| Task description |
Check every line of the data and copy the ones where "your" appears.

Data extracted from a collection:
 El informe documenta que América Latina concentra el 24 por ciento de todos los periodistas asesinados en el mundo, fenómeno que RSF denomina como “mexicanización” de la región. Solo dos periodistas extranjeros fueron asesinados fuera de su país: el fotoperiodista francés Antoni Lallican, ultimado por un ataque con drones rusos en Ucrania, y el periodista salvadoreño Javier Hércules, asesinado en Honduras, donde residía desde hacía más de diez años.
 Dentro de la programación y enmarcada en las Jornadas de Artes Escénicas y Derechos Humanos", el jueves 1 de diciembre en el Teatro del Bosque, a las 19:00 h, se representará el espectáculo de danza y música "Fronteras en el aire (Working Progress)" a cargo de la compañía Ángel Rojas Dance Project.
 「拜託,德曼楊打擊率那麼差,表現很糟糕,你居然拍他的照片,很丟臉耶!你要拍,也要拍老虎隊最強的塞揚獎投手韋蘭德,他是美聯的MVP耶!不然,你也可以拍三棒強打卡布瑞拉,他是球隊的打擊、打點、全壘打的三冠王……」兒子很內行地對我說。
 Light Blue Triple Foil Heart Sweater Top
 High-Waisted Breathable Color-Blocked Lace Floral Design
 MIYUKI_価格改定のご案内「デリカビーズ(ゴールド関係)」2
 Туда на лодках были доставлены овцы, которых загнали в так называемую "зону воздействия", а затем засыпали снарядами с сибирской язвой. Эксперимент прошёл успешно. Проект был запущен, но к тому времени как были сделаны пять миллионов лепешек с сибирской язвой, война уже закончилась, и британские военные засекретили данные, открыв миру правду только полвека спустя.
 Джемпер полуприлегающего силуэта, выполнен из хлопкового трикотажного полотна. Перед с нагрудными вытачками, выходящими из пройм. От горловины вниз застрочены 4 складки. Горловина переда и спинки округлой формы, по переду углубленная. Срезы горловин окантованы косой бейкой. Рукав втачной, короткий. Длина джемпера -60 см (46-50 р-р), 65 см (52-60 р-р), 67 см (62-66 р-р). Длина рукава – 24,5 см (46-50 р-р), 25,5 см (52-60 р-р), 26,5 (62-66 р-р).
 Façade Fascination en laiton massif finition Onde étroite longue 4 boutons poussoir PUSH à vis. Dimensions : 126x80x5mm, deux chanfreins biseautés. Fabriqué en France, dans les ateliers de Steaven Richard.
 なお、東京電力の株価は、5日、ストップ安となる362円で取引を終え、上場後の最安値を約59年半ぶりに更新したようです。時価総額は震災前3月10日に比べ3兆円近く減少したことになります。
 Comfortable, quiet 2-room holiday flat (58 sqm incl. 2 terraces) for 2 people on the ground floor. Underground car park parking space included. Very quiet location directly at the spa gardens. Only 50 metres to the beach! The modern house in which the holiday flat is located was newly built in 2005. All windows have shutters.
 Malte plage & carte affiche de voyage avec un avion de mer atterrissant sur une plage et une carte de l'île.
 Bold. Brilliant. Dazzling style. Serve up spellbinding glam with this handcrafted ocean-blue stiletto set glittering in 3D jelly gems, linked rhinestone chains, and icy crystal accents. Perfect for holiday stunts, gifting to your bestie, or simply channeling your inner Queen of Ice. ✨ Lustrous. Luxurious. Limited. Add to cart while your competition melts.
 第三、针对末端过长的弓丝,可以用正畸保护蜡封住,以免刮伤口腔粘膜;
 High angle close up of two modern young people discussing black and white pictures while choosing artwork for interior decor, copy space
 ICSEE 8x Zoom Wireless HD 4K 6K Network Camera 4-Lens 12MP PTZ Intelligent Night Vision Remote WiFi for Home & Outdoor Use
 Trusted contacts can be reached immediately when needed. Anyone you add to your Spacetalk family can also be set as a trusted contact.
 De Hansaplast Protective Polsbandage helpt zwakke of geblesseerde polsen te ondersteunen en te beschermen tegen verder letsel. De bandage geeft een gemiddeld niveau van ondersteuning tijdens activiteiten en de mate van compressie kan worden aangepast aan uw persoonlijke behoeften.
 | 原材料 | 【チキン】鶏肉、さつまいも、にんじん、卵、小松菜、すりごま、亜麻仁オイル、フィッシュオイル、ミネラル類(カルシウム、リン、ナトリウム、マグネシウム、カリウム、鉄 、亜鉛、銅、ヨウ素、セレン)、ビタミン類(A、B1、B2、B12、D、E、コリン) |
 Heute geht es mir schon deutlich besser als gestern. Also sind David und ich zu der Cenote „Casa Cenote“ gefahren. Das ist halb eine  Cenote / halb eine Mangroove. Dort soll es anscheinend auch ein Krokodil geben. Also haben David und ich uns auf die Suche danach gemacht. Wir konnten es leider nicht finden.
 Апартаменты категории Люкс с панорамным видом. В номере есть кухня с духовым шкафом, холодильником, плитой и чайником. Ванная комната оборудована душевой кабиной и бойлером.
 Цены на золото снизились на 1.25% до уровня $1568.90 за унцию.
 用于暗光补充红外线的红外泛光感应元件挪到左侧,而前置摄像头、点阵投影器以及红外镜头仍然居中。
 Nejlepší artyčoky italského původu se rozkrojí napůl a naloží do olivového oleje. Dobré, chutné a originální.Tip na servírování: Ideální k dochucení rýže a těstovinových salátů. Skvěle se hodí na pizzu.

| Exercise answer |
 Bold. Brilliant. Dazzling style. Serve up spellbinding glam with this handcrafted ocean-blue stiletto set glittering in 3D jelly gems, linked rhinestone chains, and icy crystal accents. Perfect for holiday stunts, gifting to your bestie, or simply channeling your inner Queen of Ice. ✨ Lustrous. Luxurious. Limited. Add to cart while your competition melts.
 Trusted contacts can be reached immediately when needed. Anyone you add to your Spacetalk family can also be set as a trusted contact.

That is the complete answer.